O deputado do CDS-PP adiantou, que esta situação se verifica “em diversas escolas e em diversas especialidades” e questionou a tutela se “não tem conhecimento destes factos” e se “não acha estranho” que, nos Açores, “o número de alunos portadores de deficiência” tenha aumentado “substancialmente”.

Esta questão, já tinha sido levantada por Lima, na sessão plenária de abril, onde denunciou a existência na Terceira de uma clínica de saúde mental “que anda a recrutar alunos com necessidades educativas especiais” e neste contexto exigiu mesmo uma “investigação profunda” a essas clínicas.

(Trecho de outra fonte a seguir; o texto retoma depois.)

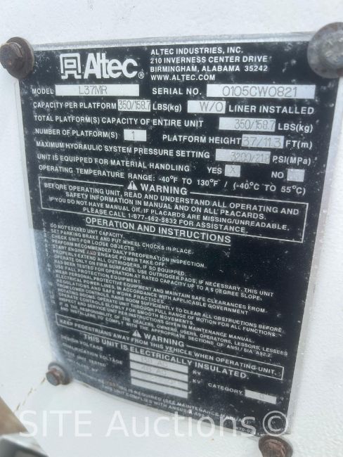 V8 6.0L Turbo Diesel engine, A/T, Altec L37MR w/ 37ft. max platform height, 126427 miles, VIN: 1FDAF56P05EB62558
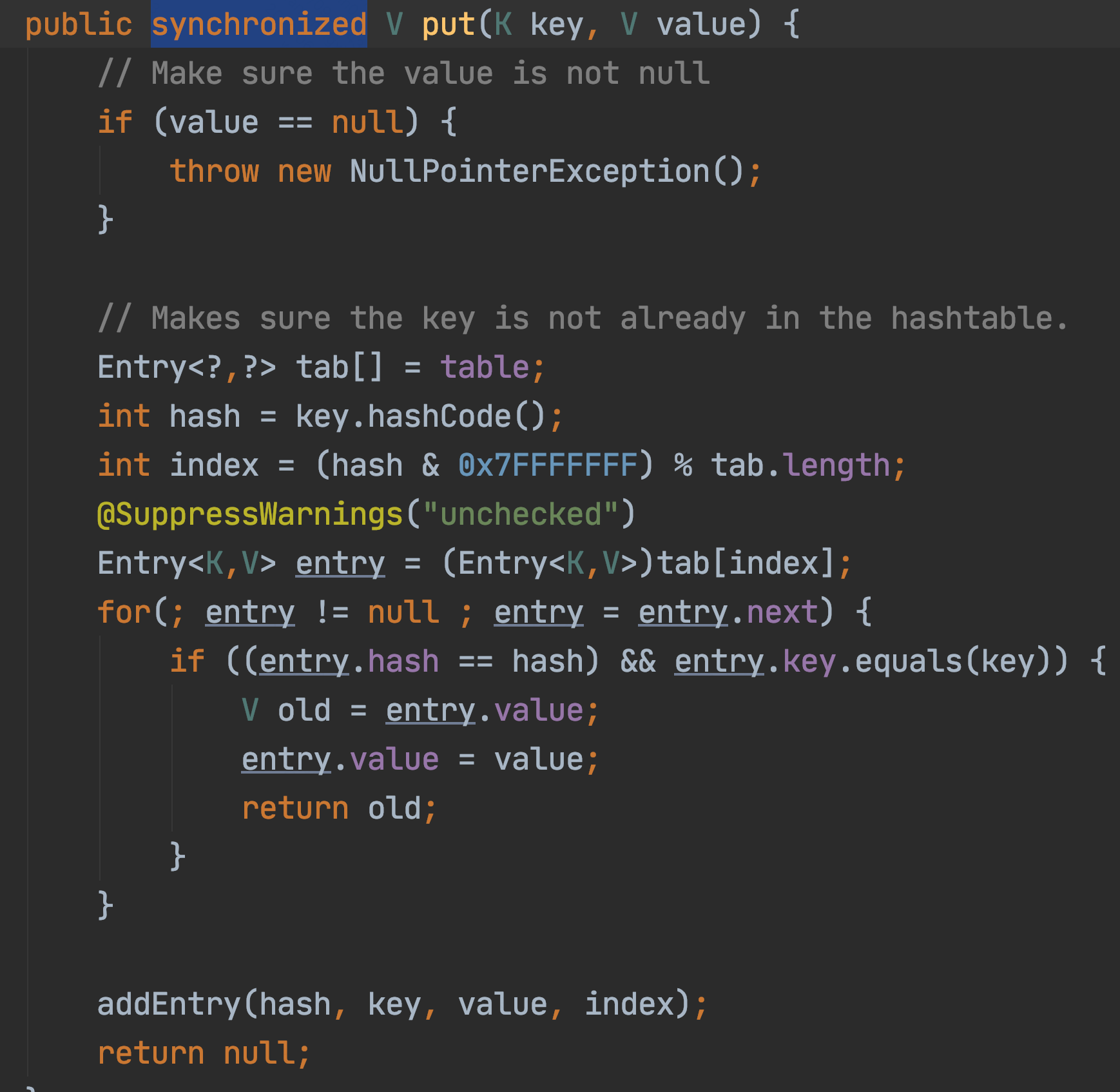 final V putVal(K key, V value, boolean onlyIfAbsent) {

Segundo nota remetida às redações, “o CDS entendeu promover um debate de urgência sobre apoios sociais aos alunos com necessidades educativas especiais e saúde em meio escolar, por ter chegado ao seu conhecimento denúncias que parecem configurar situações, no mínimo, duvidosas e que devem requerer a nossa atenção e obter esclarecimentos perante a tutela da educação, segurança social e saúde, já que a problemática é transversal, pelo menos, a estas três áreas da governação regional”, justificou.

No decorrer do debate Lima foi questionando o Governo sobre o pagamento, por parte do Instituto de Segurança Social dos Açores, do “subsídio especial de educação” que é atribuído nos termos de uma legislação nacional de 1981, a empresas privadas instaladas nos Açores que “fazem a referenciação dos alunos/utentes para as suas clínicas e como são feitos os chamados rastreios nos estabelecimentos de ensino da Região”.

Para Artur Lima não faz sentido a Região pagar a empresas privadas, valores que rondam os “quase 2 milhões de euros por ano”, para serem “acompanhadas cerca de 750 crianças sinalizadas com necessidades educativas especiais”, em vez de “redirecionar este dinheiro para a contratação de mais técnicos e especialistas para integrar os quadros das escolas e das unidades de saúde de ilha”.

O CDS-PP criticou ainda a postura do Governo dos Açores nomeadamente em relação aos “pseudo-rastreios” de saúde aos alunos de escolas públicas, adiantando que “relativamente aos rastreios de saúde nas escolas, assistimos incrédulos à passividade da tutela ou, quiçá, à cumplicidade da tutela da Educação, Saúde e Segurança Social que permite que, em escolas públicas, diversos profissionais e entidades privadas entrem pela escola dentro, façam pseudo-rastreios sem cumprirem as regras aplicáveis, selecionando alunos que depois encaminham para a sua própria clínica privada”, denunciou Artur Lima.

Segundo o Líder Parlamentar popular “isto passa-se em diversas escolas e em diversas especialidades”, questionando se a tutela “não tem conhecimento destes factos” e se “não acha estranho” que, nos Açores, “o número de alunos portadores de deficiência” tenha aumentado “substancialmente”.

O líder do CDS-PP questionou ainda o Governo sobre a forma “como são feitos os rastreios, obedecem a que critérios, quem autoriza, porque não são os centros de saúde a fazer, como no passado, porque é que permitem que entidades privadas selecionem alunos e os levam para tratar nas suas clínicas?”, considerando que o que se está a assistir “é uma coisa que pode ser muito perigosa para a saúde dos alunos”.

Perante esta situação Artur Lima salientou não ter dúvidas de que o Serviço Regional de Saúde se encontra numa “falência total” que não consegue dar resposta às solicitações das escolas. “Estamos perante graves problemas estruturais do nosso sistema educativo em que a educação especial e os técnicos do serviço público não conseguem dar resposta aos alunos com necessidades educativas especiais”, disse, reforçando que “estamos perante a falência total do Serviço Regional de Saúde que não consegue dar resposta às escolas que o solicitam”.

No debate, a Secretária Regional da Solidariedade Social  desvendando números, acabou mesmo por referir que uma destas empresas está a ser investigada pelo Ministério Público por suspeitas de fraude.